**REQUIRED ACTION:** Every line below needs to be transcribed without alteration, and no image may be carried over.

**STORED DATA:**
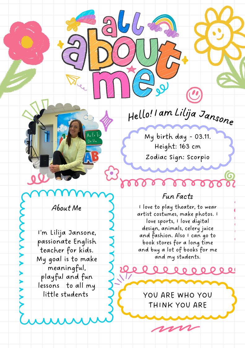Lilija Jansone ir pieredzējusi angļu valodas skolotāja un LILINGO zīmola dibinātāja, kas ar aizrautību māca bērniem angļu valodu jau vairāk nekā 14 gadus. Viņai ir augstākā izglītība angļu valodas pasniegšanā un skolvadībā, kā arī pedagoģiskā izglītība University of Eastern Finland (Somijā). Lilija ir strādājusi Rīgas Centra Humanitārajā vidusskolā, kur mācīja skolēniem angļu valodu no 1. līdz 4. klasei, izmantojot Oxford University Press mācību materiālus. No 2011. gada viņa aktīvi sadarbojas ar vairāk nekā 12 pirmsskolām, kur izstrādājusi savu radošo un efektīvo angļu valodas mācību metodiku. Viņas nodarbības ir enerģiskas, strukturētas un bērniem draudzīgas – katra stunda ir aizraujošs ceļojums angļu valodas pasaulē. Lilija vada angļu valodas tematiskos pasākumus bērniem un vecākiem!
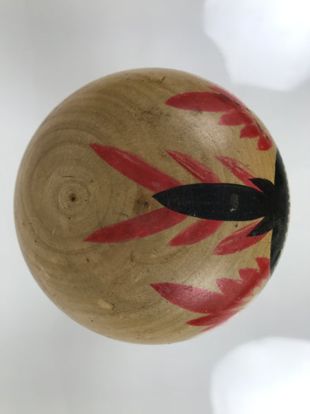 This vintage Japanese wooden kokeshi doll has a classic design (round head, cylindrical body). The body is slightly curved, and it is painted with red line bands and red floral designs. The facial expression is confident and youthful, and it is surrounded by tufts of black painted hair and extra red details to match the body. It has been brushed with a clear lacquer coating to give it shine.
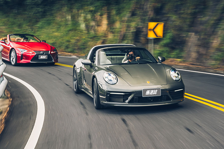 用理性的速度範疇來看,LC 500 Convertible的魅力確實高於992 Targa 4S,不管駕駛或乘客都會被那V8歌聲迷的心醉神馳,而且入彎前挑動手排撥片降檔還會觸發補油的一聲巨響,這在現今的小排量渦輪增壓潮流中,更加凸顯凌志的獨到之處,V8自然進氣抑揚頓挫的唱功好不悅耳,但閣下若是控制狂,顯然LC 500 Convertible的醉人程度確實相對低了許多。

**SOLUTION FOR THIS PROBLEM:**
Lilija Jansone ir pieredzējusi angļu valodas skolotāja un LILINGO zīmola dibinātāja, kas ar aizrautību māca bērniem angļu valodu jau vairāk nekā 14 gadus. Viņai ir augstākā izglītība angļu valodas pasniegšanā un skolvadībā, kā arī pedagoģiskā izglītība University of Eastern Finland (Somijā). Lilija ir strādājusi Rīgas Centra Humanitārajā vidusskolā, kur mācīja skolēniem angļu valodu no 1. līdz 4. klasei, izmantojot Oxford University Press mācību materiālus. No 2011. gada viņa aktīvi sadarbojas ar vairāk nekā 12 pirmsskolām, kur izstrādājusi savu radošo un efektīvo angļu valodas mācību metodiku. Viņas nodarbības ir enerģiskas, strukturētas un bērniem draudzīgas – katra stunda ir aizraujošs ceļojums angļu valodas pasaulē. Lilija vada angļu valodas tematiskos pasākumus bērniem un vecākiem!
 This vintage Japanese wooden kokeshi doll has a classic design (round head, cylindrical body). The body is slightly curved, and it is painted with red line bands and red floral designs. The facial expression is confident and youthful, and it is surrounded by tufts of black painted hair and extra red details to match the body. It has been brushed with a clear lacquer coating to give it shine.
 用理性的速度範疇來看,LC 500 Convertible的魅力確實高於992 Targa 4S,不管駕駛或乘客都會被那V8歌聲迷的心醉神馳,而且入彎前挑動手排撥片降檔還會觸發補油的一聲巨響,這在現今的小排量渦輪增壓潮流中,更加凸顯凌志的獨到之處,V8自然進氣抑揚頓挫的唱功好不悅耳,但閣下若是控制狂,顯然LC 500 Convertible的醉人程度確實相對低了許多。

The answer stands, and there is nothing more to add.